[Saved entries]
=== Begin Enclosure ===

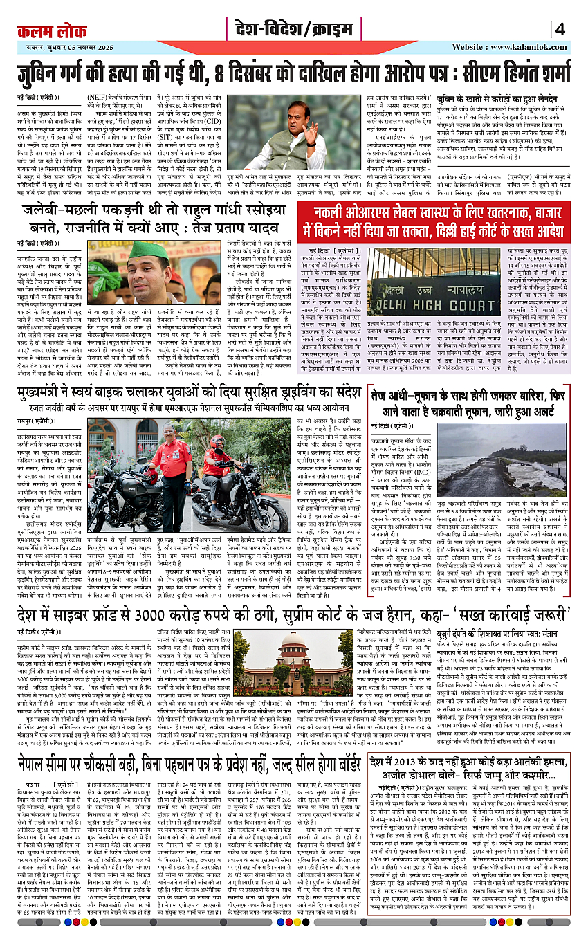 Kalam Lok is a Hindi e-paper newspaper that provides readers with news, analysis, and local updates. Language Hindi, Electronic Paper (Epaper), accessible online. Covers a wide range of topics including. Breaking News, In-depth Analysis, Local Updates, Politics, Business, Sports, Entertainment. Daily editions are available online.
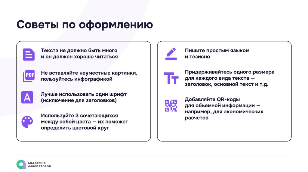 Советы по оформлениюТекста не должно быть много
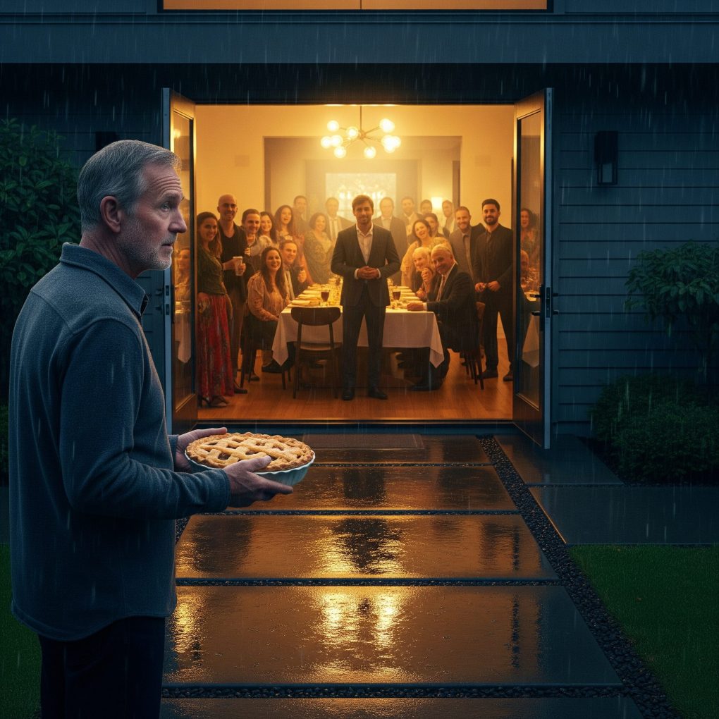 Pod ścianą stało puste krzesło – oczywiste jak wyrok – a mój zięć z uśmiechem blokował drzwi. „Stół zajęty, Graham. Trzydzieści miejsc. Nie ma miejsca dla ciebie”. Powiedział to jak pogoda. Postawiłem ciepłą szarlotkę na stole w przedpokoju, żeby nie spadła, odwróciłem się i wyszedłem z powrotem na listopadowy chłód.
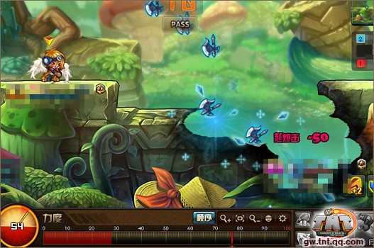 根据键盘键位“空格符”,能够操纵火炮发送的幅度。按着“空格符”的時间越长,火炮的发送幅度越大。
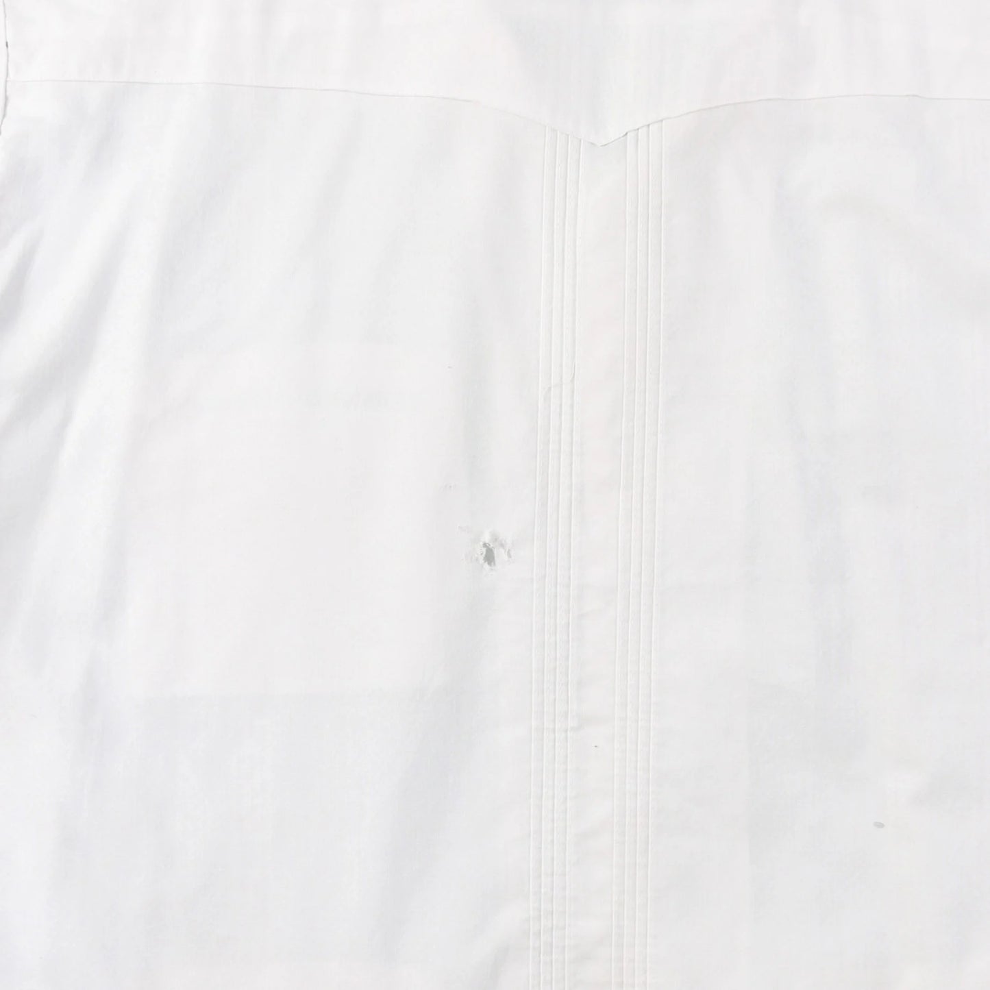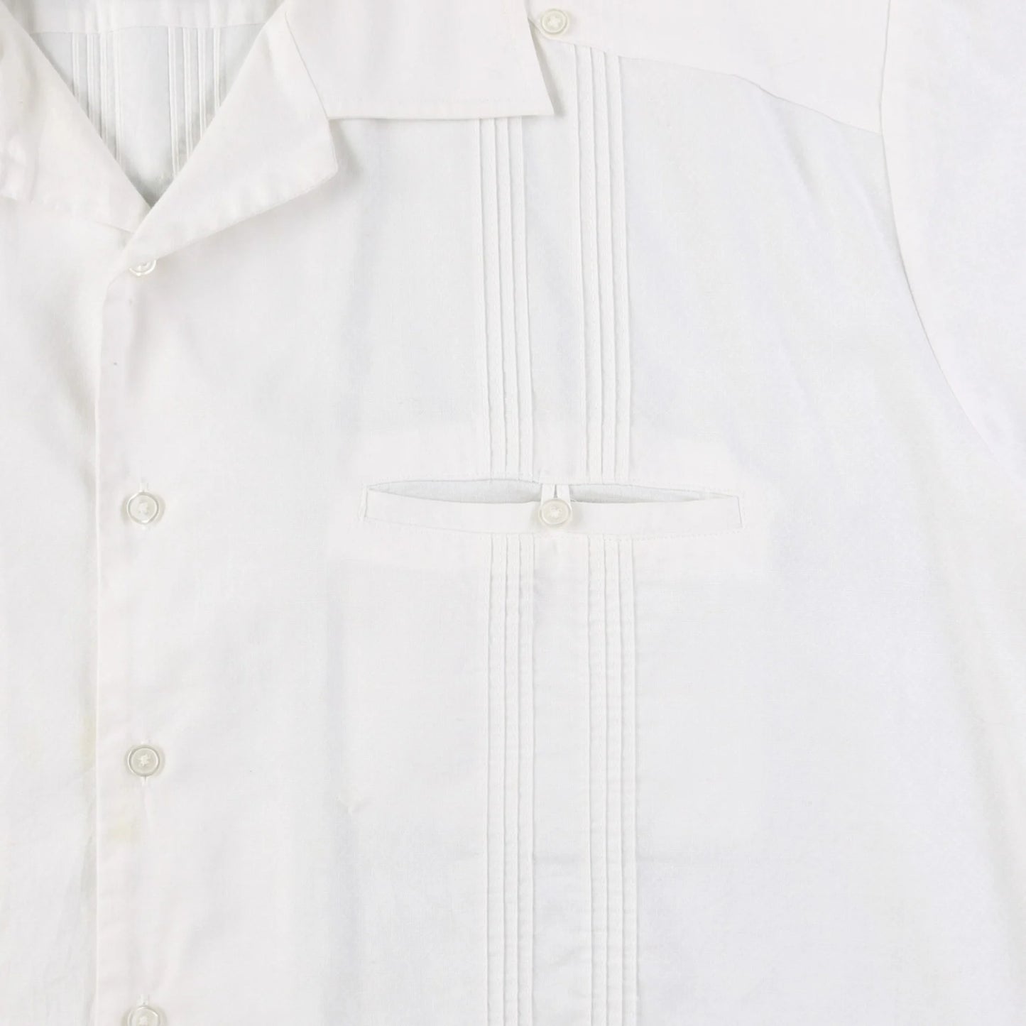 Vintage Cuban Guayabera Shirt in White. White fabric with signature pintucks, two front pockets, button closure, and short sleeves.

=== End Enclosure ===

What to produce:
All records above must be output exactly as they stand, excluding pictures.

Response to the exercise:
 Kalam Lok is a Hindi e-paper newspaper that provides readers with news, analysis, and local updates. Language Hindi, Electronic Paper (Epaper), accessible online. Covers a wide range of topics including. Breaking News, In-depth Analysis, Local Updates, Politics, Business, Sports, Entertainment. Daily editions are available online.
 Советы по оформлениюТекста не должно быть много
 Pod ścianą stało puste krzesło – oczywiste jak wyrok – a mój zięć z uśmiechem blokował drzwi. „Stół zajęty, Graham. Trzydzieści miejsc. Nie ma miejsca dla ciebie”. Powiedział to jak pogoda. Postawiłem ciepłą szarlotkę na stole w przedpokoju, żeby nie spadła, odwróciłem się i wyszedłem z powrotem na listopadowy chłód.
 根据键盘键位“空格符”,能够操纵火炮发送的幅度。按着“空格符”的時间越长,火炮的发送幅度越大。
 Vintage Cuban Guayabera Shirt in White. White fabric with signature pintucks, two front pockets, button closure, and short sleeves.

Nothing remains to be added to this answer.